Now to the next point. We'll try to determine if posts created at certain time are more likely to attract comments. At first, we calcualte amount of post for each hour in the day, along with the count of post's comments. Information of time of publishing can be obtained from the last column of our dataset.

In [12]:
import datetime as dt

hours_post_count = {}
hours_comment_count = {}

for category_name, category in zip(['Ask_posts', 'Show_posts', 'Other_posts'], [ask_posts, show_posts, other_posts]):
    
    hours_post_count[category_name] = {}
    hours_comment_count[category_name] = {}
    
    for row in category:  
        n_of_comments = int(row[4])
        time_info = dt.datetime.strptime(row[-1], '%m/%d/%Y %H:%M')
#         print(time_info.hour, n_of_comments)
        
        if time_info.strftime('%H') not in hours_post_count[category_name]:
            hours_post_count[category_name][time_info.strftime('%H')] = 1
        else:
            hours_post_count[category_name][time_info.strftime('%H')] += 1
            
        if time_info.strftime('%H') not in hours_comment_count[category_name]:
            hours_comment_count[category_name][time_info.strftime('%H')] = n_of_comments
        else:
            hours_comment_count[category_name][time_info.strftime('%H')] += n_of_comments




In [23]:
print('POSTS FOR EACH HOUR:')
for posts_type in hours_post_count:
    
    string = f'{posts_type} for each hour in total : '
    print(string,'\n', hours_post_count[posts_type],'\n')
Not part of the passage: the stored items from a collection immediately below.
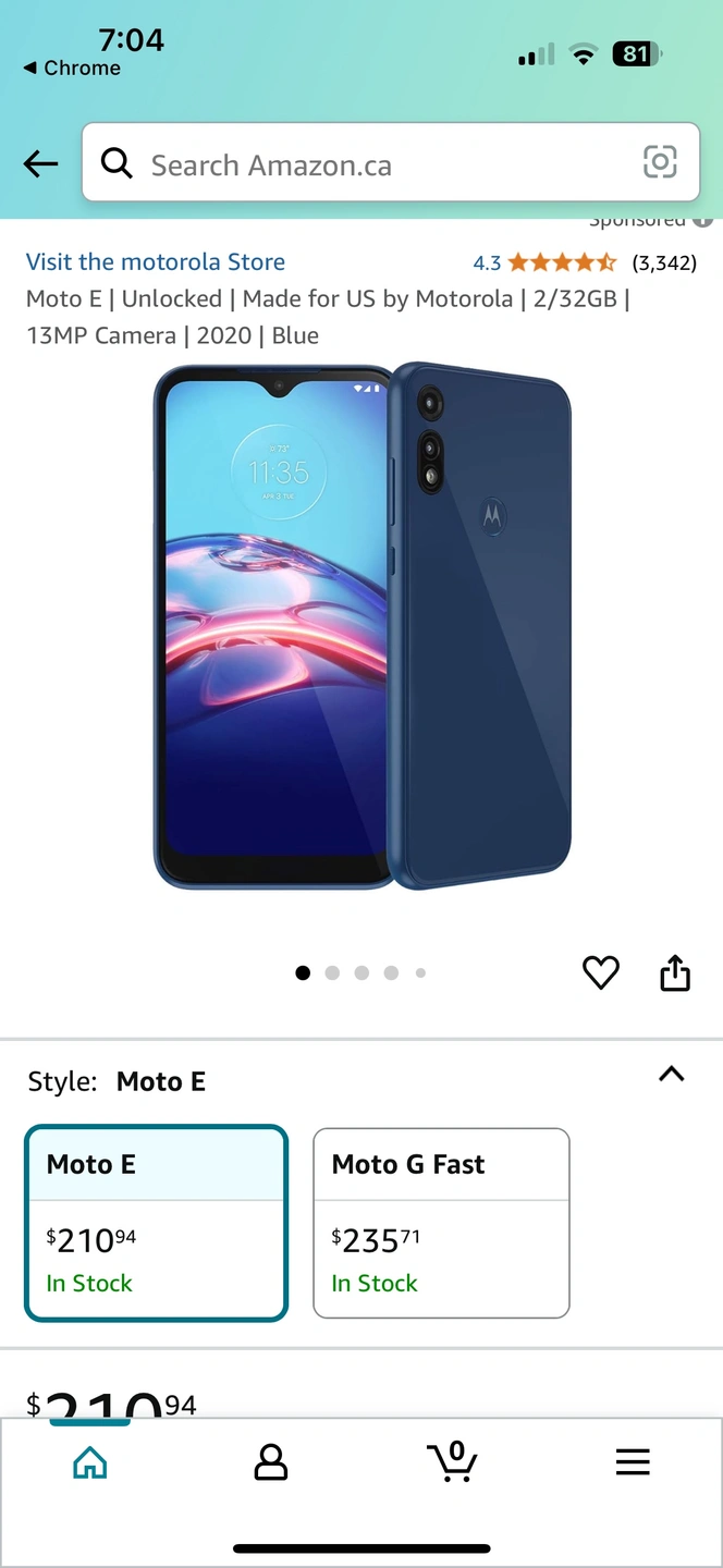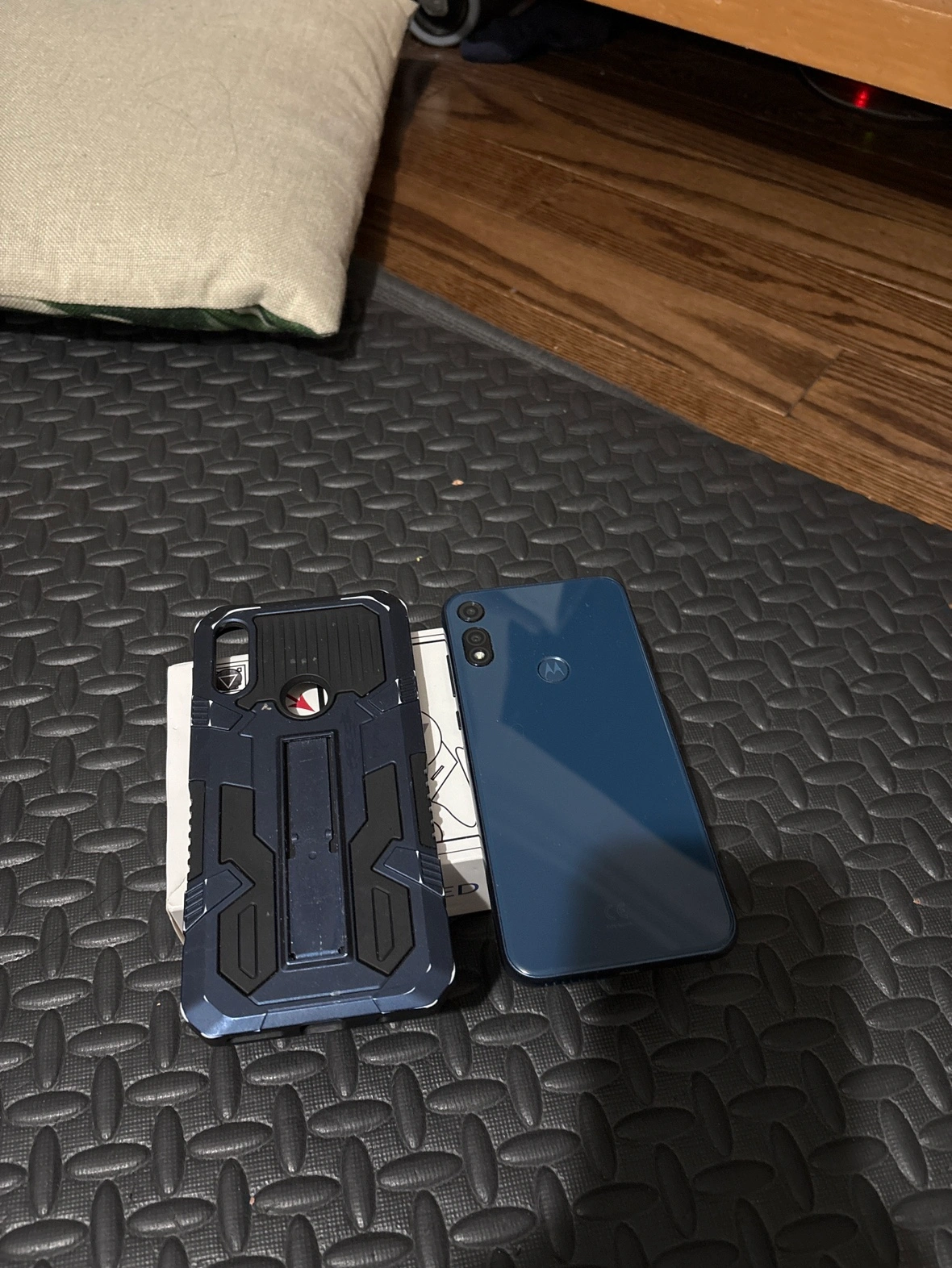 Like new, Lightly used Motorola Moto E smartphone. Blue colour. 2GB RAM, 32GB storage. Unlocked. No dents or scratches. Include a free mega case. Amazon currently sells for $210 +hst https://a.co/d/5er6C5M
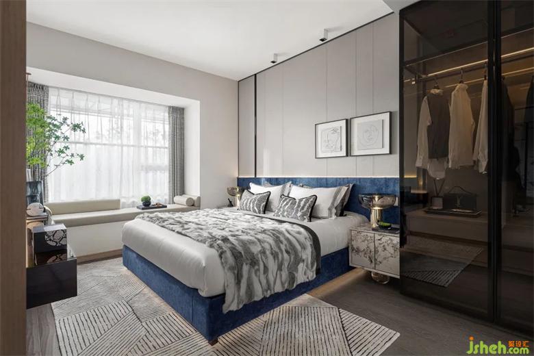 Yves Klein的蓝,总能赋予空间强大的艺术样板间设计生命力。精致柔软的蓝色天鹅绒软包床头,如大海和天空,大样板间设计自然中真实可见的同时也是最为抽象的东西。越是长久的凝视,越让人感到沉静,勾起无限的想象。
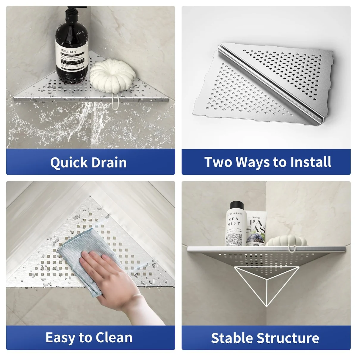 【Rapid Drainage】No water pooling. Slots on corner shelf can make water drain fast and keep your bath products on the shower shelf dry and clean. It can also be used as a footrest when shaving. Matching shower drain grates and shower niches are also available.
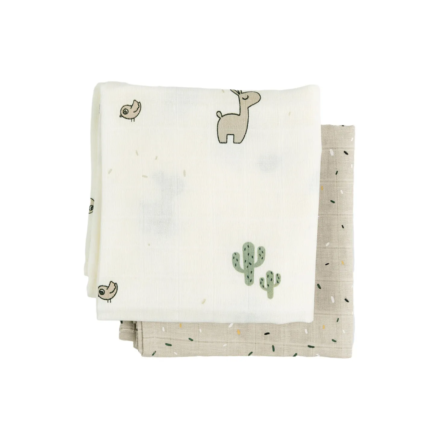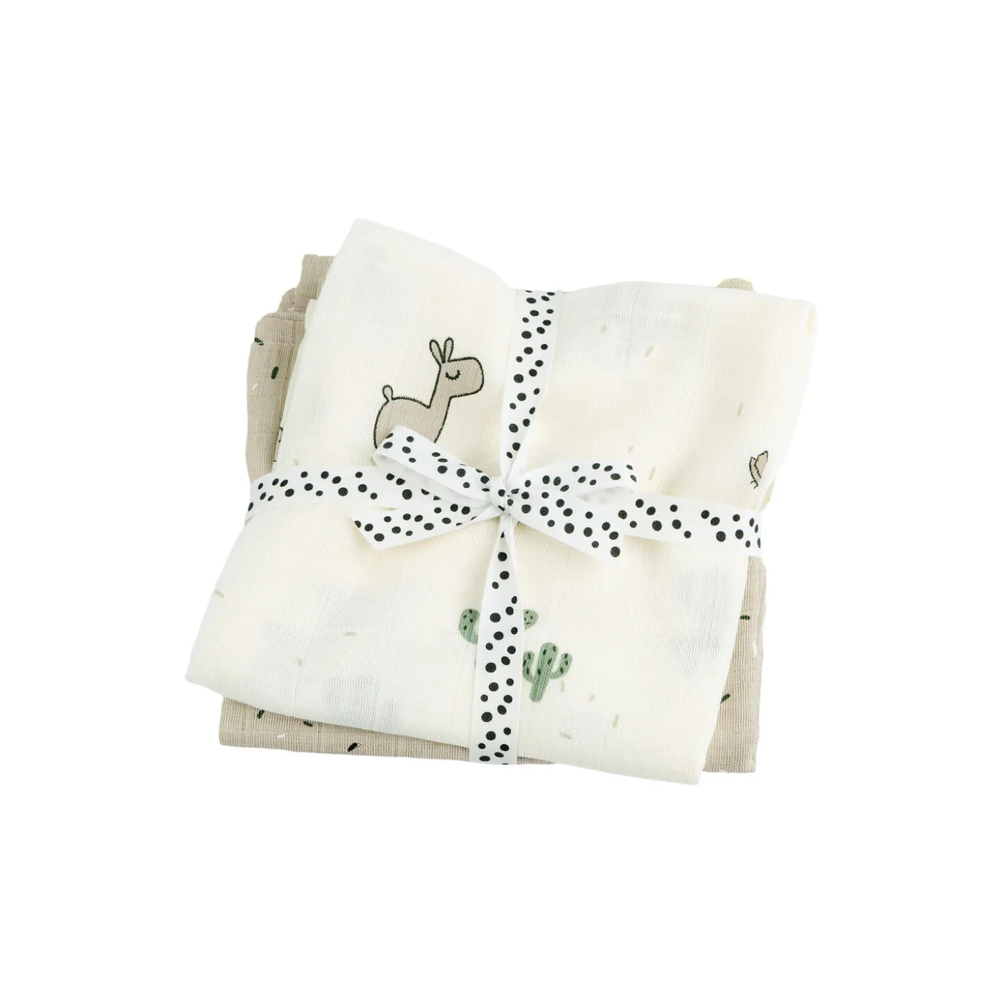 Et sæt med to svøb dekoreret med det søde Lalee print med lamaen, fuglen Birdee og sjove kaktusser. De økologiske, GOTS-certificerede muslin svøb er behagelige, åndbare og flotte – must-haves til en lille ny. Brug et svøb til at efterligne det trygge miljø din baby kender fra livmoderen, og undgå at barnet flagrer med arme og ben og vækker sig selv når det sover. Det er behageligt og trygt for din baby at blive pakket ind i dette store svøb med Lalee. Et sødt sæt med svøb i lyse sandfarver. Svøbene er vaskbare ved 60 grader og bliver endnu blødere efter vask. Det vamsede vaffel-look de får efter vask er en naturlig kvalitet ved materialet.
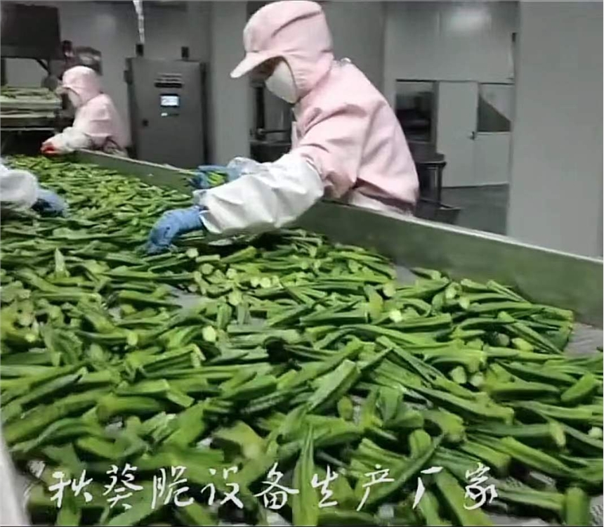 秋葵气泡清洗流水线(上)可根据厂家要求组装设备,达到客户满意,满足客户生产要求
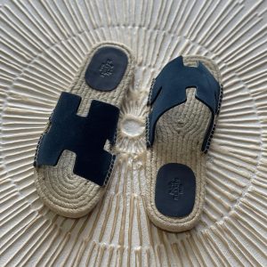 Step into timeless summer elegance with the Hermès Antigua Espadrille in Black Leather. This refined slip-on balances heritage craftsmanship and relaxed charm—crafted in Spain and styled with Hermès’ distinctive “H” cut-out on a smooth leather upper. Built with a traditional rope-wrapped midsole and finished with a leather outsole enhanced by a protective rubber insert, this…
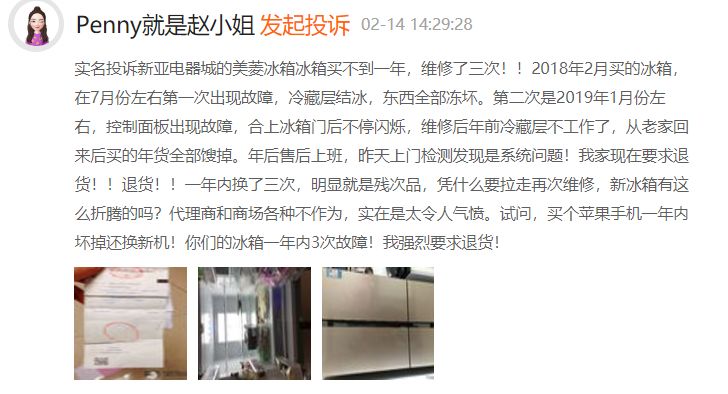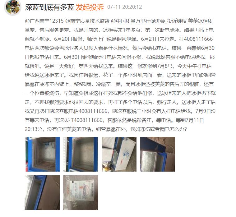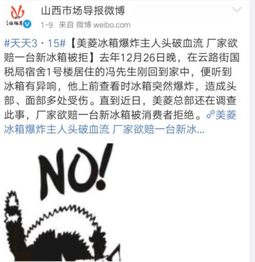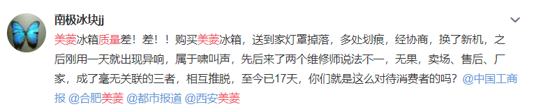 而在微博上,吐槽美菱冰箱质量问题的消费者更多。化霜溶断器一年维修三次、冰箱直接爆炸导致消费者受伤……类似的质量问题比比皆是,美菱冰箱的质量已成为了大问题。
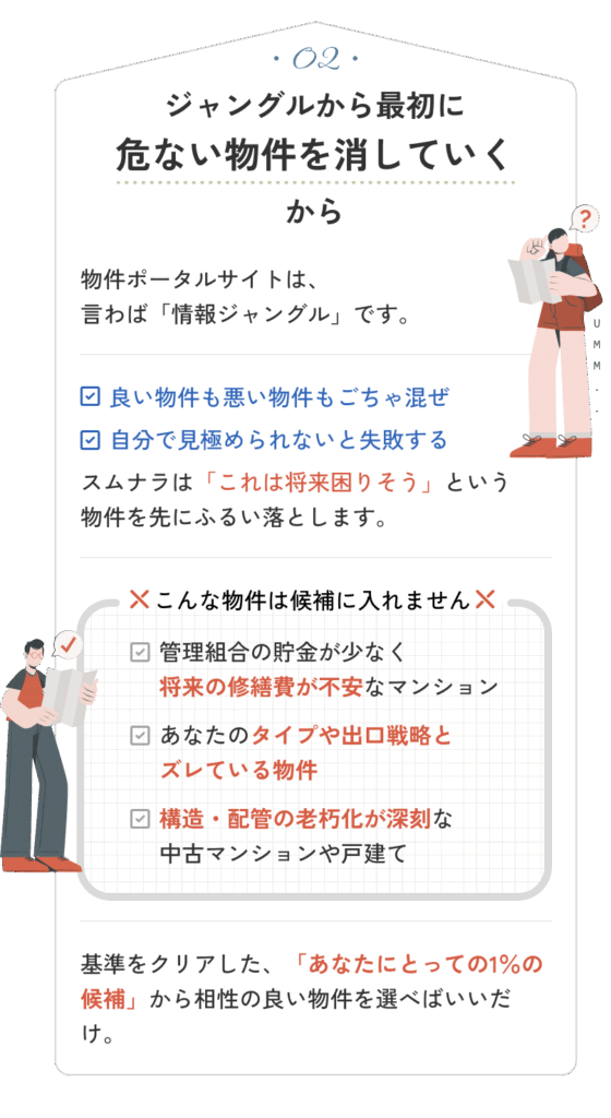 スムナラは「情報提供がメイン・その後はあなた次第」という方針でサービスを設計しています。
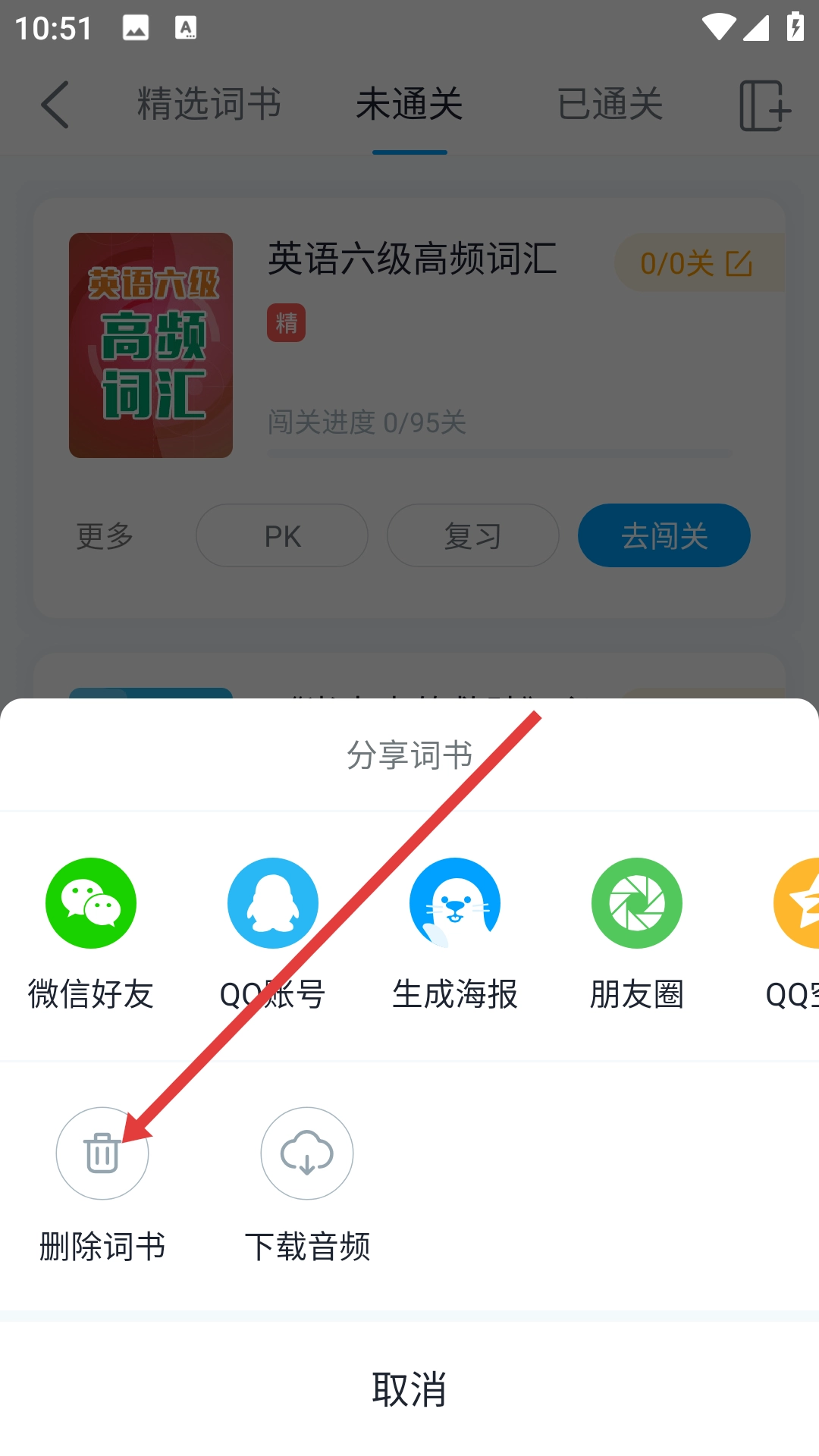 4、在弹出的操作选项里,点击【删除词书】就能移除该词书,回到主页就能看到重置后的单词书了。
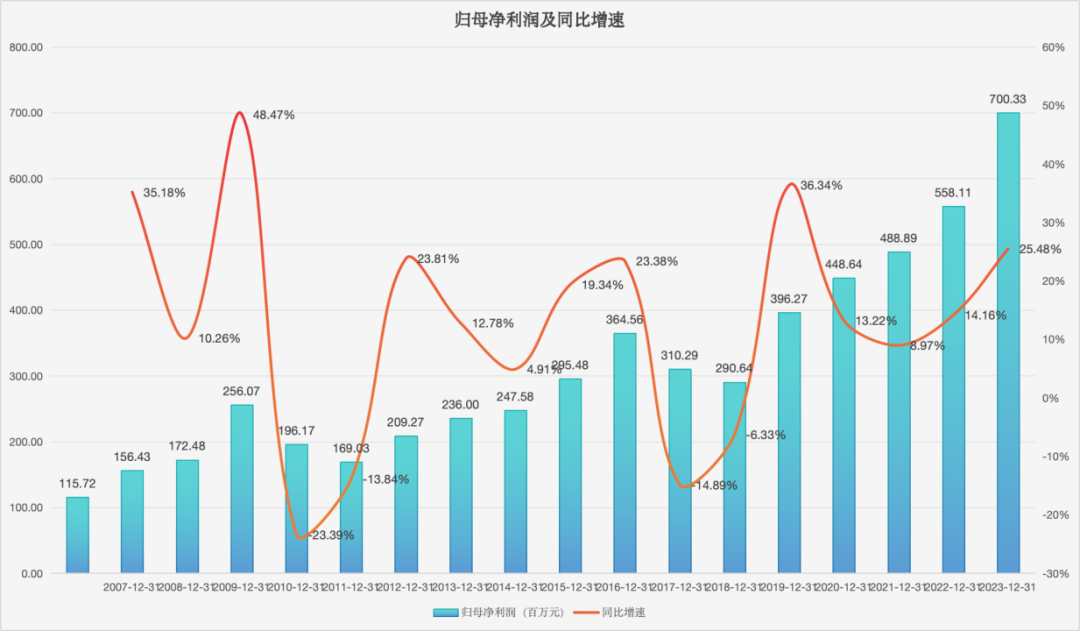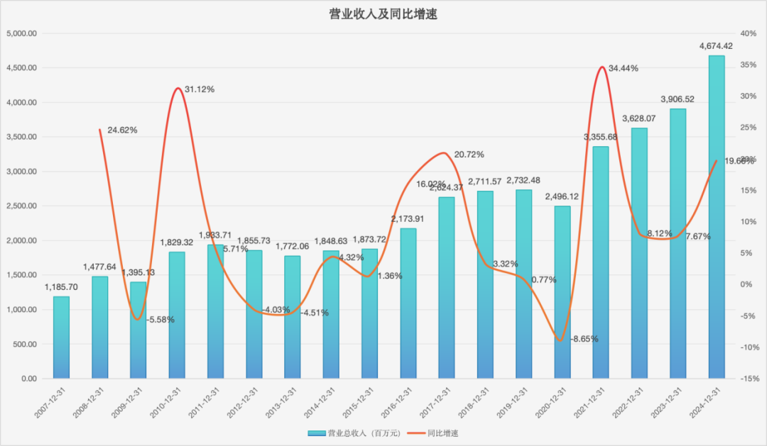 从伟星股份的历史业绩来看,公司收入和归母净利润都是波动上涨,当然,可以看出一定的周期性,隔个5-8年会走一个轮回,增速从低谷到高峰,然后再落为低谷。2024年收入为46.74亿,是2014年的2.5倍,也是2007年的4倍;2024年归母净利润为7亿,是2014年的2.8倍,2007年的6倍。
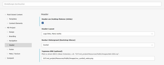 - Header-Variante (z. B. klassisch oder Center-Split),
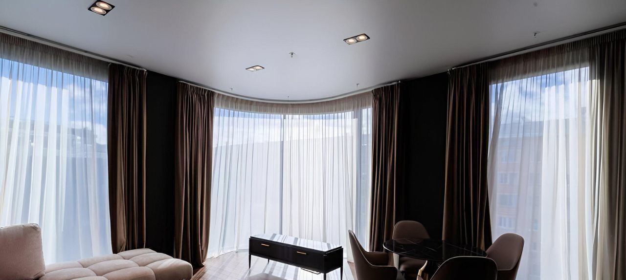 Просторная квартира с панорамным остеклением в новом доме премиум класса.
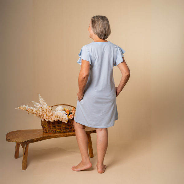 O modelo apresenta abertura frontal com botões, facilitando na hora de vestir e tornando-a extremamente prática, ideal para momentos como amamentação ou no pós-cirúrgico.
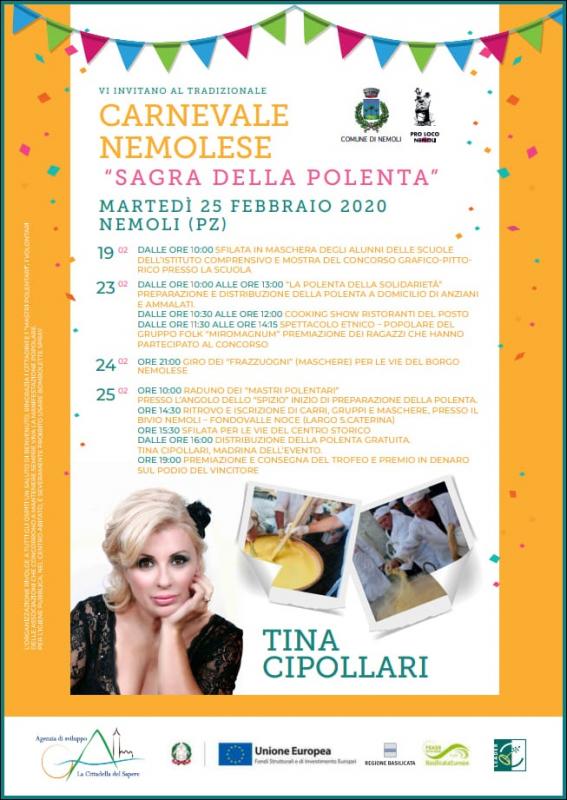 Da Mercoledì 19 a Martedì Grasso 25 Febbraio 2020 a Nemoli (PZ) si svolgono gli eventi del Carnevale Nemolese 2020 e nel giorno di Martedì Grasso si gusteranno i piatti della tradizionale Sagra della Polenta.
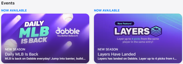 Dabble currently offers pick'em contests for NFL, NBA, NHL, MLB, CFB, CBB, EPL, tennis, UFC, CS2, EuroLeague, Bundesliga, and LaLiga.

    print('\n', 'COMMENTS IN TOTAL FOR EACH HOUR')
for posts_type in hours_post_count:
    string = f'{posts_type} total comments each hour : '
    print(string,'\n', hours_comment_count[posts_type],'\n')

POSTS FOR EACH HOUR:
Ask_posts for each hour in total :  
 {'02': 269, '01': 282, '22': 383, '21': 518, '19': 552, '17': 587, '15': 646, '14': 513, '13': 444, '11': 312, '10': 282, '09': 222, '07': 226, '03': 271, '23': 343, '20': 510, '16': 579, '08': 257, '00': 301, '18': 614, '12': 342, '04': 243, '06': 234, '05': 209} 


 COMMENTS IN TOTAL FOR EACH HOUR
Show_posts for each hour in total :  
 {'00': 276, '23': 319, '20': 525, '19': 556, '18': 656, '16': 801, '14': 696, '10': 323, '09': 302, '08': 316, '06': 192, '03': 206, '21': 430, '17': 761, '15': 836, '11': 402, '07': 236, '04': 194, '13': 610, '12': 516, '01': 247, '22': 377, '02': 209, '05': 172} 


 COMMENTS IN TOTAL FOR EACH HOUR
Other_posts for each hour in total :  
 {'03': 6649, '02': 6977, '01': 7391, '00': 8391, '23': 9720, '22': 11657, '21': 13568, '20': 14920, '19': 15929, '18': 17406, '17': 18363, '16': 18790, '15': 18043, '14': 16929, '13': 14874, '12': 11876, '11': 9638, '10': 9130, '09': 8528, '08': 7930, '07': 73


Having the data above, we can calculate average number of comments for posts created during each hour of the day. In the end, just few hours having highest average comment count are displayed (for each category of posts).

In [64]:
import pprint

avg_by_hour = {}
for category in hours_post_count:
    
    avg_by_hour[category] = []
    
    for hour in hours_post_count[category]:
        avg_by_hour[category].append([hour,hours_comment_count[category][hour]/hours_post_count[category][hour]])
    
    
    result = sorted(avg_by_hour[category], key=lambda x: x[1], reverse=True)[:6]
    print(category,'\n',result,'\n')

Ask_posts 
 [['15', 28.676470588235293], ['13', 16.31756756756757], ['12', 12.380116959064328], ['02', 11.137546468401487], ['10', 10.684397163120567], ['04', 9.7119341563786]] 

Show_posts 
 [['12', 6.994186046511628], ['07', 6.682203389830509], ['11', 6.002487562189055], ['08', 5.6044303797468356], ['14', 5.515804597701149], ['13', 5.432786885245902]] 

Other_posts 
 [['12', 7.58521387672617], ['11', 7.374144013280763], ['02', 7.1807367063207685], ['13', 7.146833400564744], ['05', 6.786839967506093], ['00', 6.613156953879156]] 



## Conclusion

Having these results, we can see that if you submit question type post, the best  time to publish it would be between noon and 3PM to get the most comments. In remaining categories, there is similar trend. Note that the time zone is Eastern Time in the US, so comments submitted right after midnight could possibly come from another part of the world. Or it could be just that geeks are up until the morning.